Книга и братство - Айрис Мердок
Шрифт:
Интервал:
Закладка:
Распорядитель аттракциона Дженкин, чтобы не растерять свою аудиторию, немедленно запустил первую из ракет.
Джерард, заметивший, что ускользнувшая Лили не вернулась, решил, что пора сходить в дом и проверить, как она там. Он тихо отошел, пока остальные глазели на плывущие в вышине разноцветные созвездия.
Лили, покинув компанию, ощупью пробралась в дверь гостиной и запуталась в тяжелых портьерах, грозивших задушить ее. Ничего не видя, в панике она барахталась в них, пытаясь найти середину или концы крепко держащих ее полотен. В конце концов выбралась в освещенную свечами гостиную и бросилась в глубь дома, подальше от сада. В туалете включила свет и только сейчас увидела в зеркале свое пятнистое лицо. Сбежав от этого зрелища в столовую, она присела к хрупкому столику, за которым она и Гулливер ютились со своими тарелками во время обеда, или ужина, или что там это было. Алкоголь может отворить темные врата подсознания, и в это жерло хлынула на Лили, от имени святой Екатерины, толпа призрачных воспоминаний о матери-католичке, которая бесконечно обращалась с мольбой о помощи к разным полезным святым. Лили часто думала о своей бабке, но редко о матери. Сейчас же эти осуждающие воспоминания разбудили в ней чувство вины и раскаяния. Мать верила в ад. Почему же Лили отвергла и бросила свою несчастную мать, которая умерла от пьянства и одиночества, с ужасом думая, что ей вечно гореть в адском пламени? Почему матери нет сейчас в живых, чтобы Лили могла прибежать и утешить ее? Эти мысли о страданиях матери мешались с религиозными образами, ужасавшими ее в детстве: святого Себастьяна, пронзенного стрелами, святого Лаврентия, поджариваемого на решетке. И конечно, Христа, подвергнутого медленной смерти на кресте. Потом она подумала, что три «креста Екатерины» были как три креста Голгофы. Она разразилась слезами. Вошел Джерард.

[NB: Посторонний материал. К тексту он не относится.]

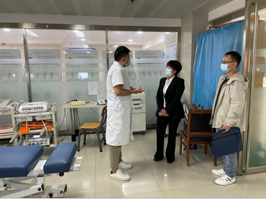 会后,对外协作处负责人陪同来宾分别参观了A座门诊大厅、风湿骨病一科、针灸一科、脊柱骨二科、康复医学科等科室。
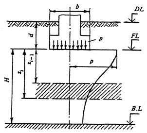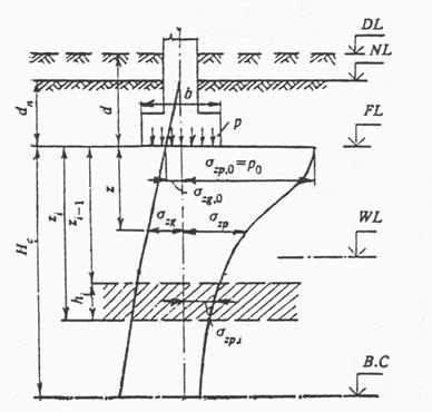 DL - отметка планировки; NL - отметка поверхности природного рельефа; FL - отметка подошвы фундамента; WL - уровень подземных вод; В,С - нижняя граница сжимаемой толщи; d и dn глубина заложения фундамента соответственно от уровня планировки и поверхности природного рельефа; b - ширина фундамента; р - среднее давление под подошвой фундамента; р 0 - дополнительное давление на основание; szg и szg, 0 - дополнительное вертикальное напряжение от внешней нагрузки на глубине z от подошвы фундамента и на уровне подошвы; szp и szр, 0 - дополнительное вертикальное напряжение от внешней нагрузки на глубине z от подошвы фундамента и на уровне подошвы; Нс - глубина сжимаемой толщи

Одна за другой взлетали ракеты, стремглав уносясь в небо так внезапно, так неистово, так опасно, так угрожающе, с шипящим, раздирающим, свистящим звуком, разрывая темный воздух, поднимаясь все выше и выше и наконец взрываясь с удивительным чувством облегчения, подобным мирной, или счастливой, или славной смерти, и вспышка золотых пуль или фонтан лучистых звезд были как жертвенное благословение звезд, исполненных любви. В других садах тоже взлетали ракеты, быстро, торопливо, словно безумное празднество почти исчерпало отведенное на него время и под страхом сурового наказания все должно было быстро завершиться. Небо было заполнено разрывами ракет. Роуз подумалось, что это напоминает войну. Чтобы дать отдых ослепленным глазам, она перевела взгляд вниз и на секунду при вспышке спички увидела завороженное, восхищенное лицо Дженкина, губы раскрыты, глаза сверкают. Что славит он, спросила она себя, какого бога, какое видение, какую золотую тайную страсть? Ливень особо долго не гаснущих звездочек осветил другие обращенные вверх лица: восторженно смеющееся Гидеона, тихое и довольное Пат, по-детски радостное Гулливера. Дункан выглядел мрачным, но спокойным, крупная голова откинута назад, темная грива лежит на воротнике пальто. Пылающее лицо Вайолет поразило Роуз, видно было, что та охвачена каким-то жгучим чувством: то ли решимости, то ли отчаяния, то ли ненависти. Лица Тамар, стоявшей позади нее, было не разглядеть.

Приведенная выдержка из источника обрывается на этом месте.